How to complete this task:
Would you restate the listing word for word, with the images omitted?

Data shown:
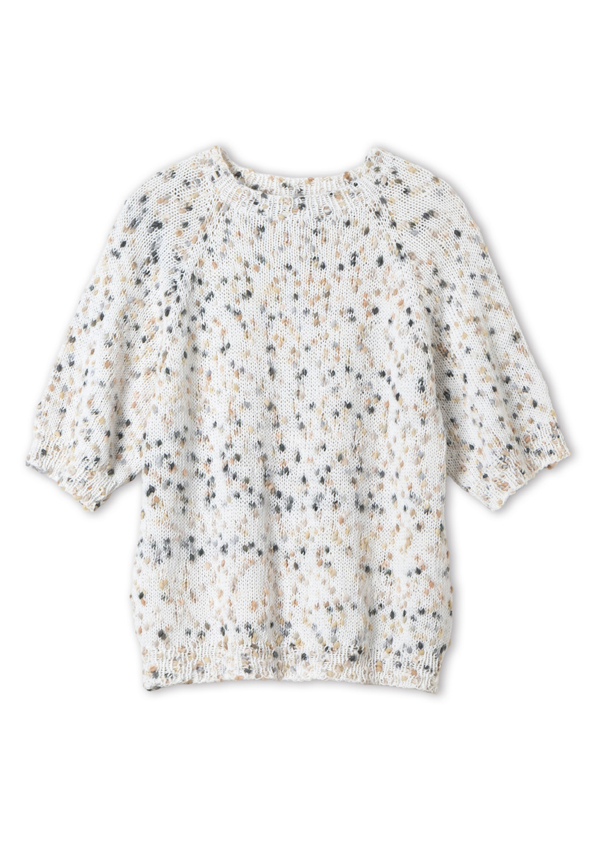 Lana Grossa-kvalitet „Popcorn“ (100 % bomull, løpelengde = ca 125 m/50 g): ca 300 (350 - 400 - 450) g hvit/beige/kamel/grå/anthrasitt (farge 9); kort og lange rundpinne nr. 4,5 og nr. 5; strømpepinner nr. 4,5 og nr. 5; maskemarkører. Genseren strikkes ovenfra og ned i ett stykke.
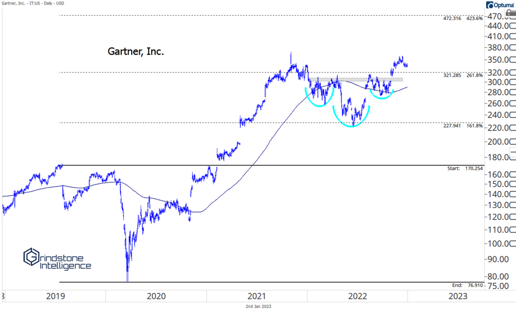 Not all of Tech is that dark, though. There are some bright spots. We called out Gartner last month, and it continues to be on our radar because of its relative strength. As long as this name is above 320, we like it with a target up near 470.
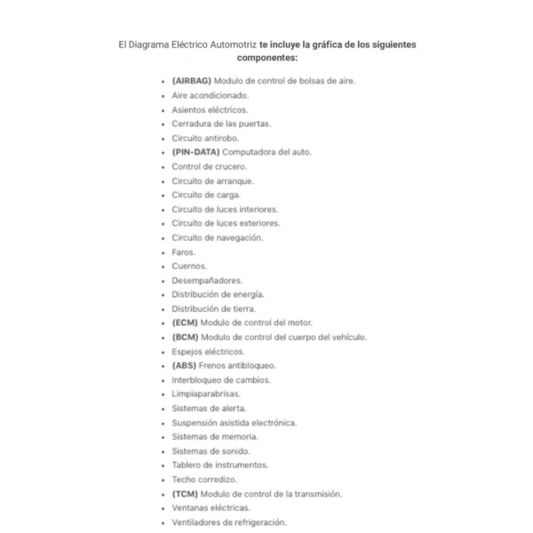 El Diagrama Eléctrico Automotriz te incluye la gráfica de los siguientes componentes:
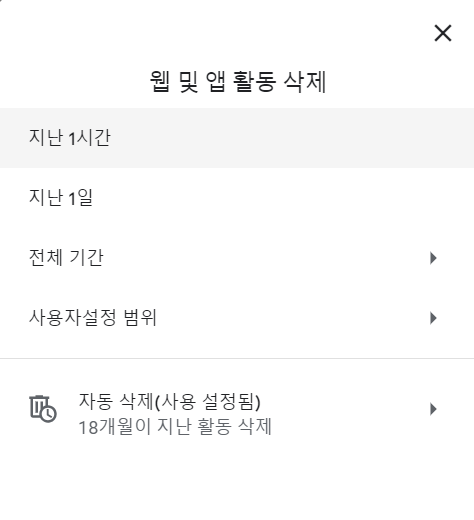 지난 1시간, 24시간, 일주일, 한달 등 삭제하고 싶은 원하는 기간을 설정하고 삭제할수 있습니다.

Answer to the exercise:
 Lana Grossa-kvalitet „Popcorn“ (100 % bomull, løpelengde = ca 125 m/50 g): ca 300 (350 - 400 - 450) g hvit/beige/kamel/grå/anthrasitt (farge 9); kort og lange rundpinne nr. 4,5 og nr. 5; strømpepinner nr. 4,5 og nr. 5; maskemarkører. Genseren strikkes ovenfra og ned i ett stykke.
 Not all of Tech is that dark, though. There are some bright spots. We called out Gartner last month, and it continues to be on our radar because of its relative strength. As long as this name is above 320, we like it with a target up near 470.
 El Diagrama Eléctrico Automotriz te incluye la gráfica de los siguientes componentes:
 지난 1시간, 24시간, 일주일, 한달 등 삭제하고 싶은 원하는 기간을 설정하고 삭제할수 있습니다.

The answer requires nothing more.